►

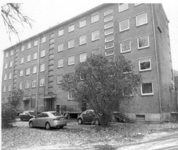
Sulupės g. 7, Klaipėda
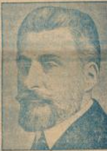
Oben: Prinz Carol, unten: Ministerpräsident Maniu, der Führer der Armee Carol ist...
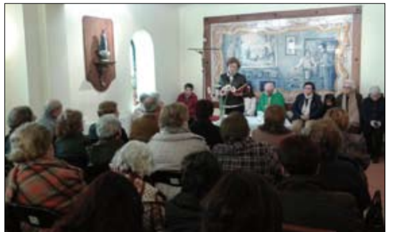
Los participantes celebraron la Eucaristía.
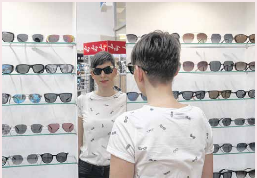
A szakemberek azt javasolják, hogy a stílusunknak megfelelő szemüveget válasszunk.

Pozsgai Klaudia optikus hozzátette: a sportos, arcra simuló fazonok soha nem
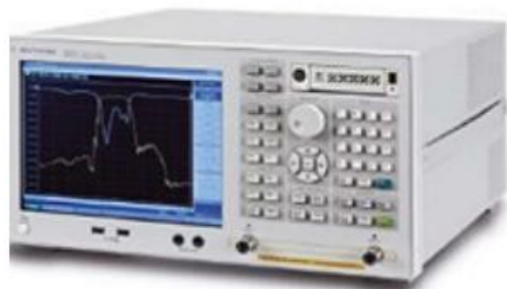
安捷伦 E5071C 网络分析仪
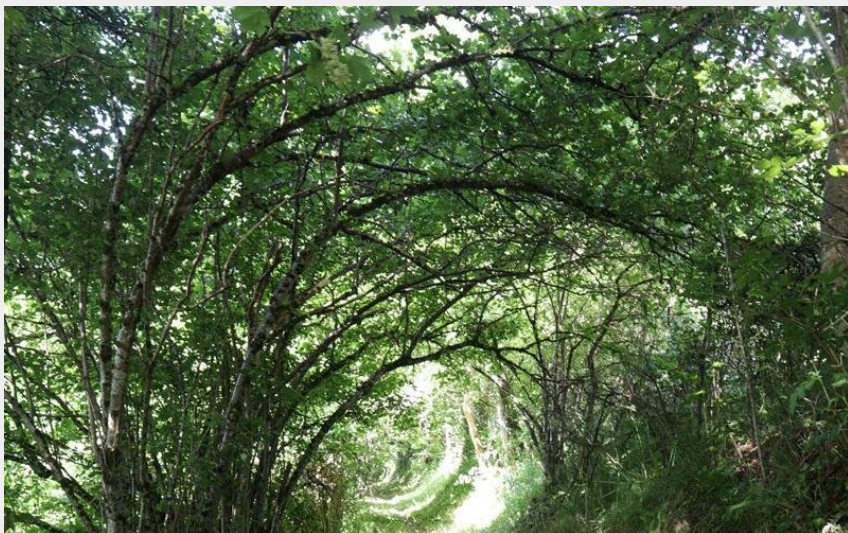
Au coeur de la forêt (Mélissa Tessier)
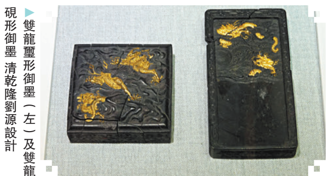
◆雙龍鑿形御墨（左）及雙龍硯形御墨 清乾隆劉源設計
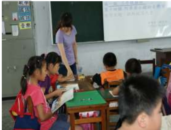
說明二：指導學生美聲朗讀
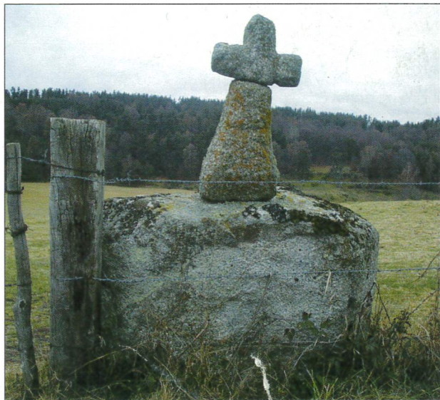
Croix de granite vers Oyex

Une partie du circuit traverse la forêt d'OYEX, celle-ci, bien que gérée par l'ONF est une forêt sectionnale : cela signifie qu'elle appartient à la collectivité villageoise. Ce statut forestier, lointain héritier des droits d'usages concédés au cours du Moyen-Age par les seigneurs, est encore répandu dans la région comme dans tout le Massif Central. Il permettait aux habitants permanents du village (il fallait que la cheminée fume six mois et un jour par an) de pouvoir s'approvisionner en bois de consommation pour le chauffage, la construction ou l'outillage agricole une part était toujours réservée pour l'école. Aujourd'hui encore, la population reste très attachée à ce droit collectif.

◄

Please show, exactly as written, every line above that contains the word "forêt".

Au coeur de la forêt (Mélissa Tessier)
Une partie du circuit traverse la forêt d'OYEX, celle-ci, bien que gérée par l'ONF est une forêt sectionnale : cela signifie qu'elle appartient à la collectivité villageoise. Ce statut forestier, lointain héritier des droits d'usages concédés au cours du Moyen-Age par les seigneurs, est encore répandu dans la région comme dans tout le Massif Central. Il permettait aux habitants permanents du village (il fallait que la cheminée fume six mois et un jour par an) de pouvoir s'approvisionner en bois de consommation pour le chauffage, la construction ou l'outillage agricole une part était toujours réservée pour l'école. Aujourd'hui encore, la population reste très attachée à ce droit collectif.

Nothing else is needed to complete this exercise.